On August 10, 2022, the U.S. Food and Drug Administration (FDA) announced the granting of standard approval to Tabrecta (carmatinib) for the treatment of adult metastatic non-small cell lung cancer (NSCLC) with a mutation causing mesenchymal-epithelial transition (MET) exon 14 skipping, as detected by an FDA-approved test.
Previous accelerated approval for this indication was based on the initial overall response rate (ORR) and duration of response (DOR) in the phase 2 GEOMETRYmono-1 study (NCT02414139).
The conversion to standard approval is based on data from an additional 63 adult patients with confirmed MET exon 14 skipping metastatic NSCLC followed for 22 months.
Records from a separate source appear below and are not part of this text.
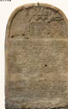
Op deze oude Assyrische stele is koning Sanherib te zien, bidtend tot zijn goden.

worden, maar ook honderden details, zoals steden, dorpen en zelfs specifieke bouwwerken in de Bijbel, zoals paleizen, baden en stadspoorten. Keer op keer laat het bewijs dat de archeologen naar boven hebben gehaald in de landen van de Bijbel, zien dat de Bijbel een werkelijk authentiek en accuraat oud document is.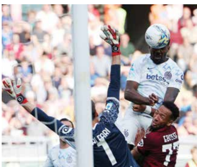
○ تورام يحرز هدف إنتر الأول.

كريستيان كييفو يملكون فرصة حسم اللقب على أرضهم عندما يستضيفون بارما يوم الأحد المقبل، فيما تنتظر رجال مدرب الفريق الجنوبي أنتونيو كونتي رحلة محفوفة بالمخاطر إلى كومو الخامس يوم السبت.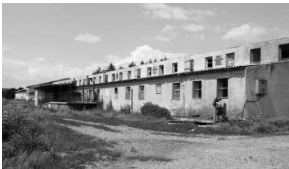
Dnešní stav komplexu bývalého dvora Okrouhlík a opuštěného vepřína za obcí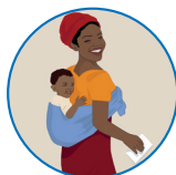
Suivi de la santé de mon enfant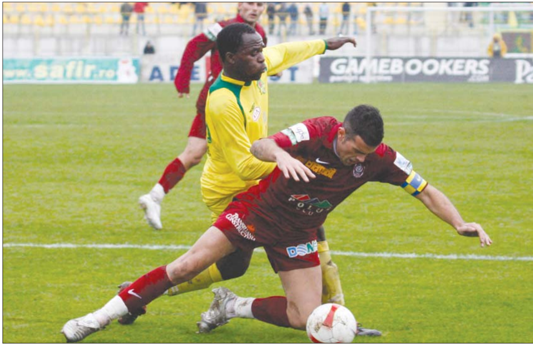
Ősszel Vasluiban megbottlott a CFR, Kolozsváron remizett a visszavágón, most viszont győzni akar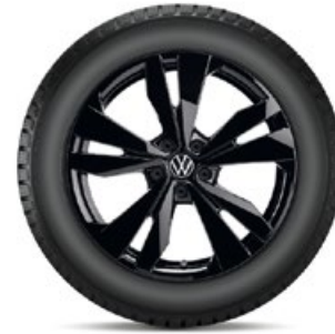
VW Loen Schwarz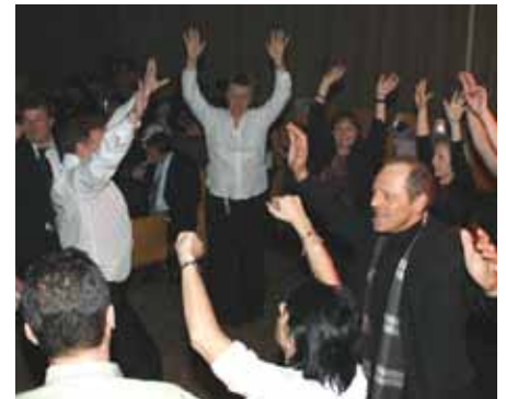
Ausgelassene Stimmung beim Sportlerball am 16. Jänner.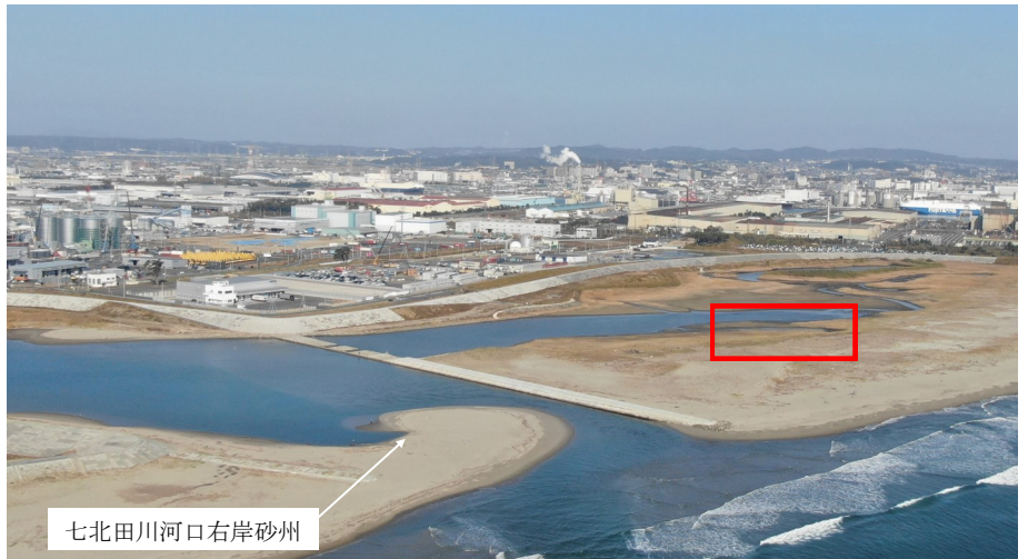
Fig.2 潟湖全体の様子（南東側からドローン撮影）

Patients receive Tabrecta 400 mg orally twice daily until disease progression or unacceptable toxicity.
Results showed that in 60 treatment-naïve patients, the ORR was 68% (95% CI, 55–80), with 5% achieving complete response (CR) and 63% achieving partial response (PR). The median duration of response (DOR) was 16.6 months (95% CI, 8.4–22.1); 49% of patients experienced a DOR lasting at least 12 months.
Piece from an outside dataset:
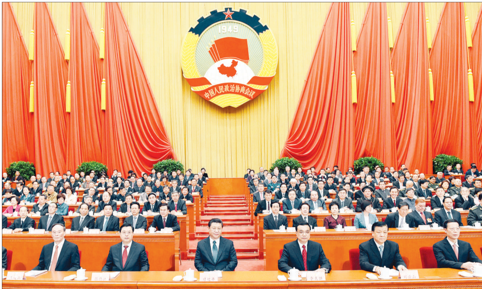
习近平、李克强、张德江、刘云山、王岐山、张高丽在主席台就座。

习近平李克强张德江刘云山王岐山张高丽到会祝贺 俞正声作政协常委会工作报告 齐续春作提案工作情况报告 杜青林主持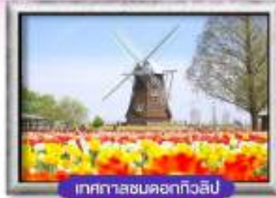
เทศกาลชมดอกทิวลิป

In 100 previously treated patients, the ORR was 44% (95% CI, 34–54); 44% of patients had a partial response. The median DOR was 9.7 months (95% CI, 5.6–13); 36% of patients experienced a DOR lasting at least 12 months.
The most common adverse reactions to Tabrecta were edema, nausea, musculoskeletal pain, fatigue, vomiting, dyspnea, cough, and decreased appetite.